In the case, Salomon had, for some years, carried on a prosperous business as a leather merchant and boot manufacturer.

He formed a limited company consisting of himself, his wife, his daughter and his four sons as the shareholders, all of whom subscribed to 1 share each so that the actual cash paid as capital was £7. Salomon sold his business (which was perfectly solvent at that time), to the Company formed by him for the sum of £38,782.

The company’s nominal capital was £40,000 in £1 shares. In part payment of the purchase money for the business sold to the company, debentures of the amount of £10,000 secured by a floating charge on the company’s assets were issued to Salomon, who also applied for and received an allotment of 20,000 £ 1 fully paid shares.

The remaining amount of £8,782 was paid to Salomon in cash. Salomon was the managing director and two of his sons were other directors.


The company soon ran into difficulties and the debentureholders appointed a receiver and the company went into liquidation.

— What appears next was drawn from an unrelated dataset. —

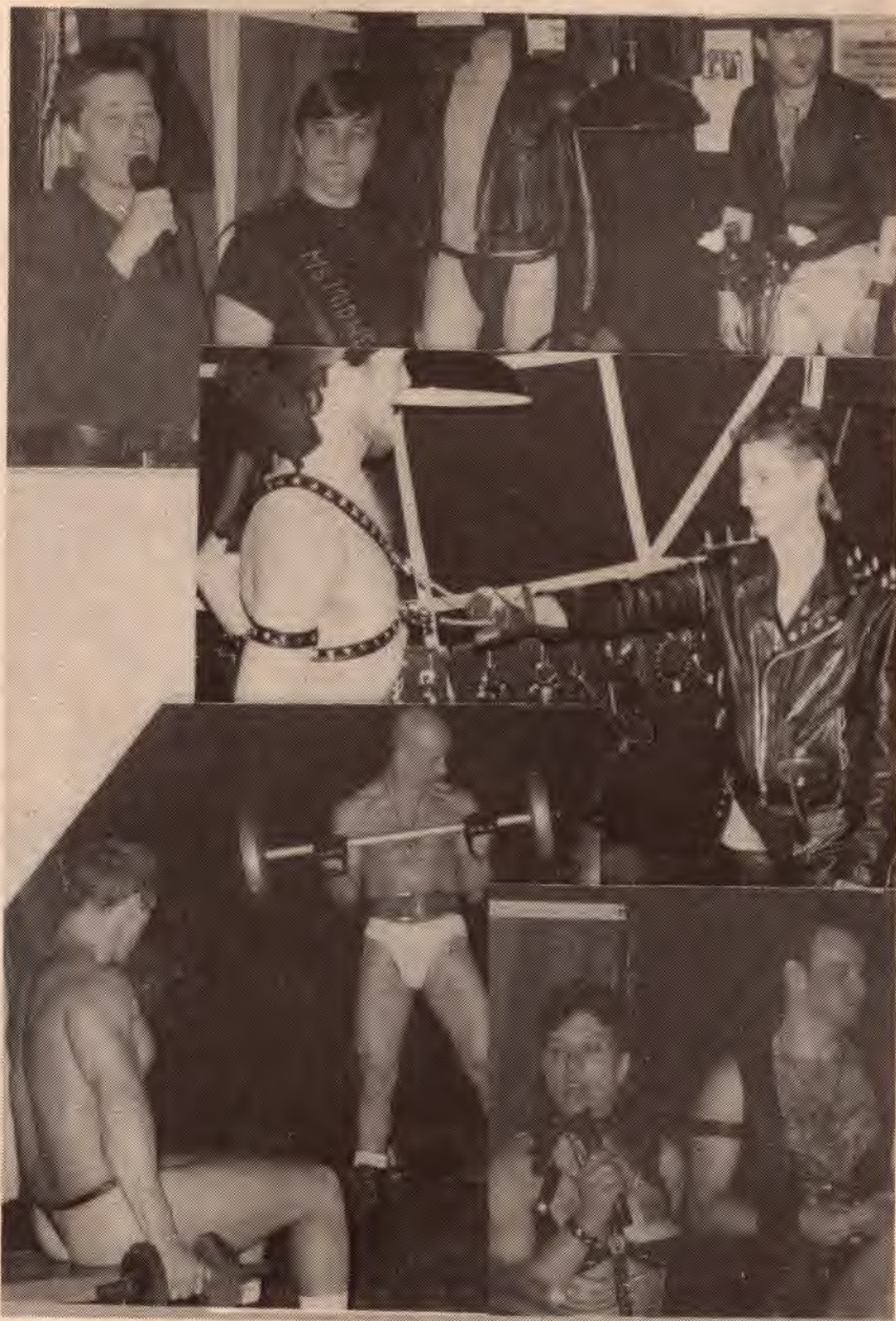
Mad for Leather , a night of leather vendors/ purveyors of toys/ and fantasy was held at Rod's. The event was produced by leatherworks.

choose to hide or come out which risks safety. This takes a lot of personal energy, and can cause great strain and stress on the individual and the relationship.

The total assets of the company amounted to £6050, its liabilities were £10,000 secured by debentures, £8,000 owing to unsecured trade creditors, who claimed the whole of the company’s assets, viz., £6,050, on the ground that, as the company was a mere ‘alias’ or agent for Salomon, they were entitled to payment of their debts in priority to debentures.

They further pleaded that Salomon, as a principal beneficiary, was ultimately responsible for the debts incurred by his agent or trustee on his behalf.


Their Lordships of the House of Lords observed:
“…the company is a different person altogether from the subscribers of the memorandum; and though it may be that after incorporation the business is precisely the same as before, the same persons are managers, and the same hands receive the profits, the company is not, in law, their agent or trustee.

The statute enacts nothing as to the extent or degree of interest, which may, be held by each of the seven or as to the proportion of interest, or influence possessed by one or majority of the shareholders over others.

There is nothing in the Act requiring that the subscribers to the memorandum should be independent or unconnected, or that they or any of them should take a substantial interest in the undertakings, or that they should have a mind or will of their own, or that there should be anything like a balance of power in the constitution of company.”